§ PROBLEM DETAILS: Output, exactly as written, the lines below starting at the line containing "saisi les commandes." and ending at the line containing "Один из первых". Drop the pictures and keep both end lines.
----- DATASET RECORDS -----
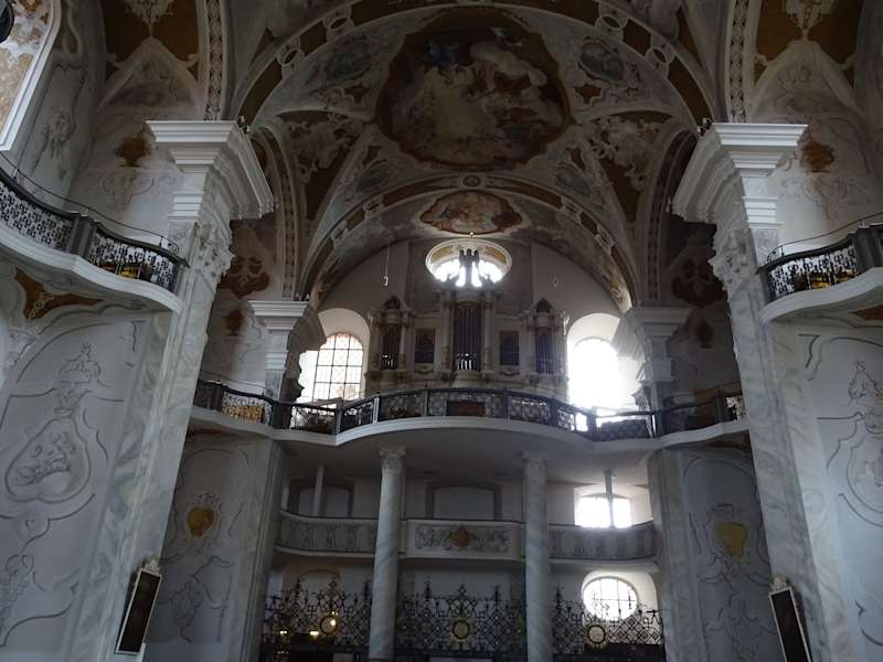 Die Stadtkirche von Ellwangen ist eine barocke, evangelische Wandpfeilerkirche. Erbaut wurde sie 1724. Sie befindet sich am Marktplatz, direkt neben der Basilika. Sehenswert im Inneren sind die Fresken mit Marienthemen und Illusionsmalereien. Am Eingang sticht das kunstvolle schmiedeeiserne Gitter ins Auge. Eine Tür führt in die katholischen Basilika St. Vitus. Adresse: Marktpl. 5, 73479 Ellwangen (Jagst) Geodaten: X46J+RG Ellwangen (Jagst)
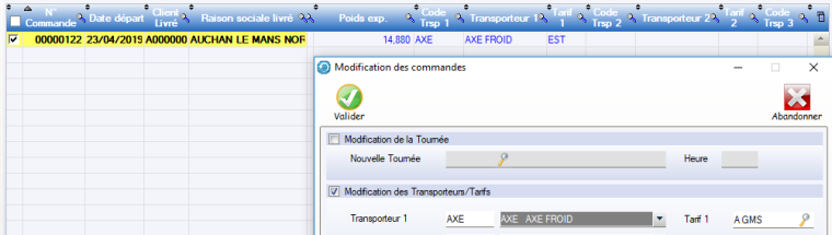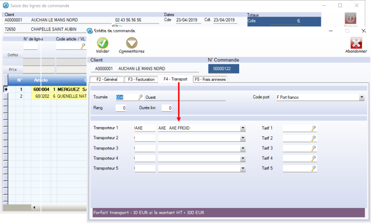 • Par exemple, pour utiliser cette fonctionnalité pour saisir les filières de transport tarif après avoir saisi les commandes.
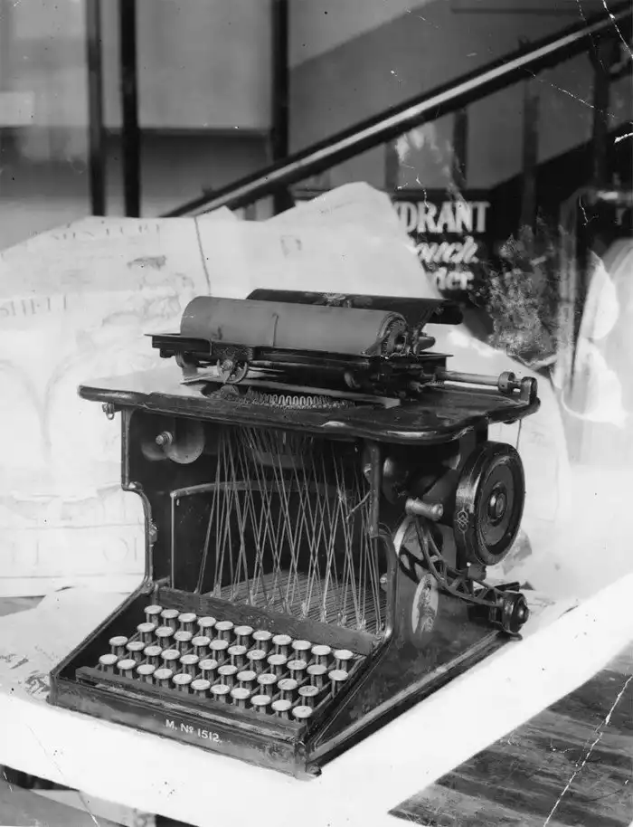 Один из первых прототипов пишущей машинки, созданный в 1866 году. Он был предшественником первой практической, коммерческой машинки, запатентованной в 1868 году К. Л. Шолсом. Снимок сделан в 1923 г.
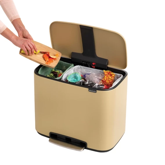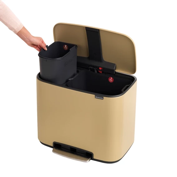 Бесшумный – плавное закрывание крышки и необыкновенно мягкий ход педали.Не пропускает запах – плотно прилегающая крышка.Экономия места – удобно устанавливается вплотную к стене или в углу.Крышка удобно фиксируется в открытом положении специальным переключателем.2 съемных внутренних ведра – идеальное решение для раздельного сбора домашних отходов.Удобная очистка – съемное внутреннее ведро из пластика.Отличная устойчивость и защита пола от повреждения – нескользящее основание.Бесплатные упаковки мешков для мусора Brabantia PerfectFit (размеры X и J) – удобная замена и всегда опрятный вид.Бронзовый сертификат "Cradle to Cradle".Бак подлежит вторичной переработке на 98 %, упаковка и внутренние ведра на 100%.
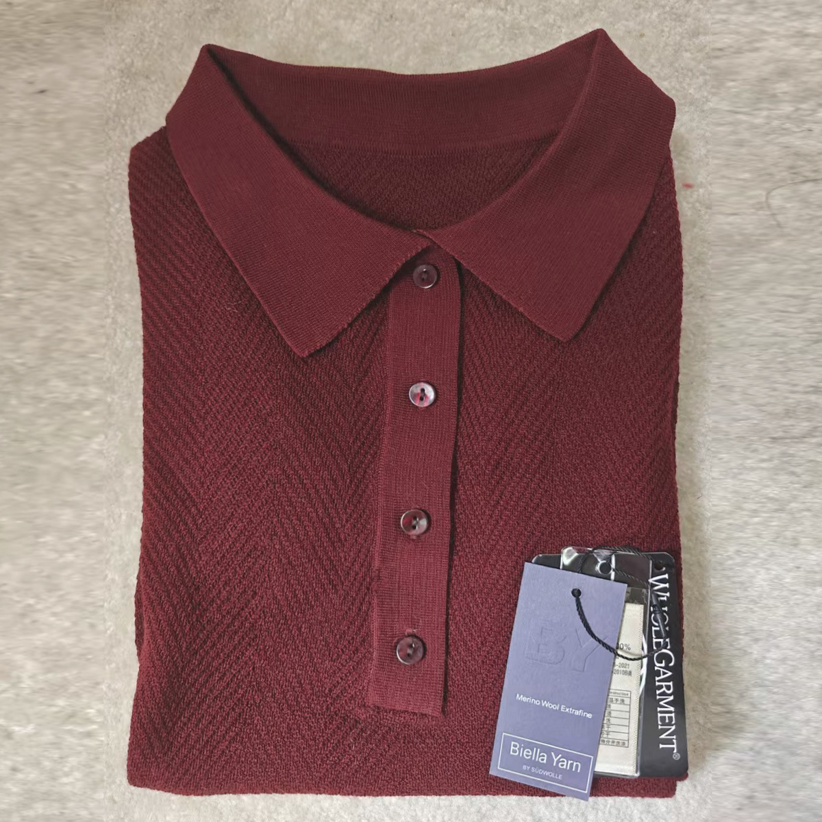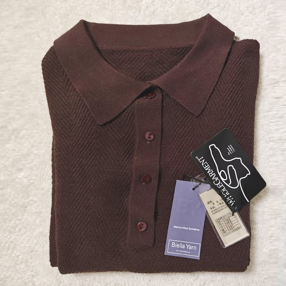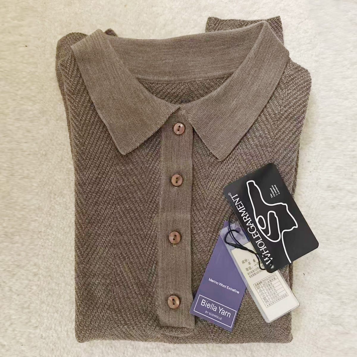 【温流线POLO】100%美丽诺羊毛老钱风无缝一体扬子纱人字纹Polo衫
-----
§ ANSWER TO THIS EXERCISE:
 • Par exemple, pour utiliser cette fonctionnalité pour saisir les filières de transport tarif après avoir saisi les commandes.
 Один из первых прототипов пишущей машинки, созданный в 1866 году. Он был предшественником первой практической, коммерческой машинки, запатентованной в 1868 году К. Л. Шолсом. Снимок сделан в 1923 г.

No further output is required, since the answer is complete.